The Curator’s life – or, 63 dinner plate-sized paper circles edged in one inch strips of double-sided sticky tape

After months of research, learning to handle and catalogue archive material talking, and more talking, making schedules and twiddling with budgets our exhibition finally went into the production phase.

This is heaven and hell. Heaven is to be finally bringing together and testing all our ideas and aspirations, hell is a cat that insists on sitting on your lap while you are trying to attach double-sided sticky tape to delicate elements of your display.

The sense that we had conceived an exhibition that was coherent and well-designed kept us going throughout a busy, but not manic, phase. And the fun seemed designed-in. Inspired by the circles of power in the print industry, which our archive evidenced through many hundreds of dinner menus, the display concept was to suggest the behind the scenes activity of a private dining room. Sourcing the material to dress the scenario meant getting hold of 600 dinner plates, cutlery, silver candlesticks, tablecloths and napkins. Where better to go than the London’s National Theatre props warehouse? Among the rubber ducks and papier mache lobsters we rooted out some of our props. We also sneaked into the costume stores and toyed with dressing up as the people we had encountered in the archive, including the inimitable typographer Beatrice Warde (picture a tweed suit and sensible shoes).

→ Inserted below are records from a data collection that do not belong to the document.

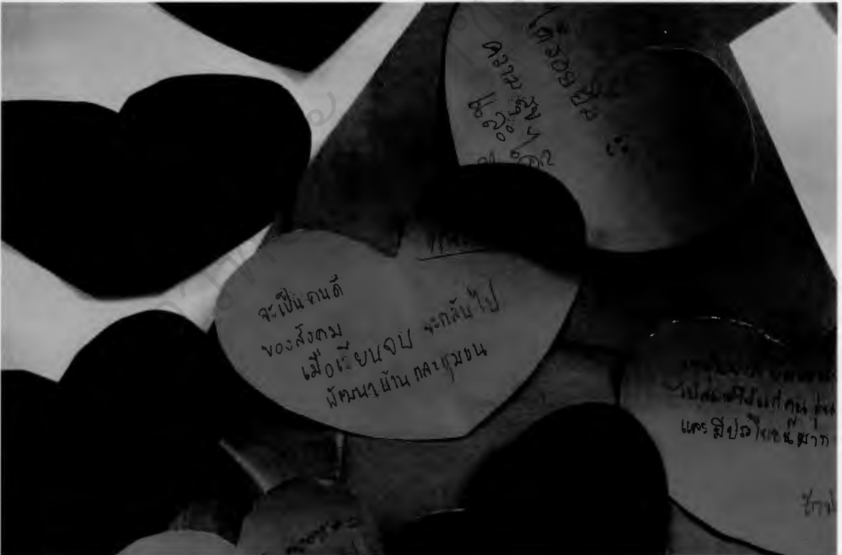
ร่วมกันเขียนบันทึกความดี
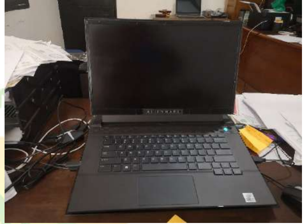
Adquisición de equipo de computación portátil para la Dirección de Catastro y Planificación Urbana.
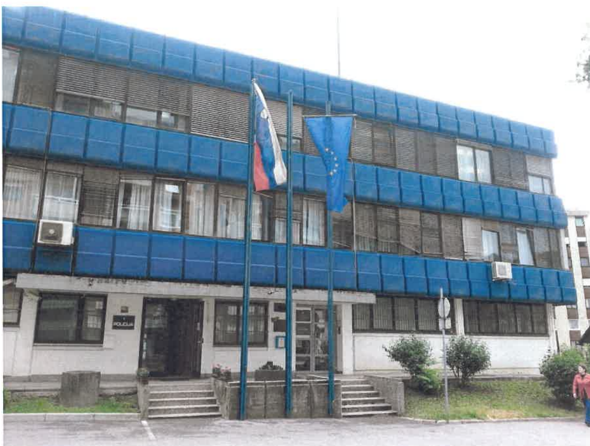
Slika 2: Objekt PP Trbovlje

Objekt Policijske postaje Trbovlje se nahaja na območju KS Franc Fakin, na naslovu Obrtniška cesta 12, Trbovlje, kjer je strnjeno naselje stanovanjskih in poslovnih objektov. Zaradi več poslovnih objektov in dejavnosti ter zgradbe občine (kjer se nahaja tudi upravna enota), se na tem območju v času uradnih ur, občasno nahajajo tudi državljani iz drugih območij regije ali države.

With all the elements for the display sourced, cleaned and paid for the morning of the installation arrived.

Our display area was a window, much like a large department store window – so it was shoes off and onto the task of sticking 63 printed paper circles onto the wall. Next came the scene setting with all the props, the trials of ingenuity when the stiffening baton fell off the large text panel, the extensive use of social media to communicate feedback on object placement through a sound proof window and the thousand and one things that need to be done to get a display ready in a few hours. Then the star objects arrived by taxi from the archive. Placing those in the display made it all feel real. And it looked great, better, I think, than we had imagined.

That’s satisfying, but of course, was just our opinion. The next stage was to have people, real, actual people, look at it and pass comment. But before we could get audience feedback it was time for dinner.

Dinner that day was the event we ran to accompany the exhibition. Four fabulous guests were invited to have dinner with us and talk about the circles of power in the print industry. More about that in the next blog.

Ps – I’ve checked, you can’t see the cat hairs.DSC_6920


8 Hours and 476 Plates Later…

…our exhibit Eat Drink Print is now up at the Lethaby Window Gallery at Central St. Martins. Yesterday, our weeks of research, designing, and planning our display, the big day arrived. Our design team sketched out plans and we scoured every corner of London for props and materials to create a “behind the scenes” look in the gallery. Signage was designed, proofed, edited and printed. Archival material was mounted. We debated how to best show the historical items without compromising the fragile paper and condition. Display strategies were mocked up and tested. We printed and cut out hundreds of circles for the back wall. The archival material was finally packed up and made the journey from London College of Communication to Central St. Martin’s on Monday morning and work was underway.

With a detailed game plan for the day, it was all hands on deck as the team assembled the exhibit. We started with the dozens of circle graphics on the back wall, which had to be perfectly measured and aligned in a grid pattern. Next, we hung the large exhibition sign on the left end of the gallery. After testing the light levels in the gallery and finding them on the high end, we decided to cover one end of the gallery where sunlight was streaming in to preserve the materials and so a canvas shade was constructed and raised up. Then the fun part. Plates, wine boxes, beautiful silver tableware, white tablecloths, bone cutlery… and the archive. The next couple of hours was spent positioning, coordinating between team members inside and outside of the soundproof gallery, and putting everything into place until it looked just right down to the last fork.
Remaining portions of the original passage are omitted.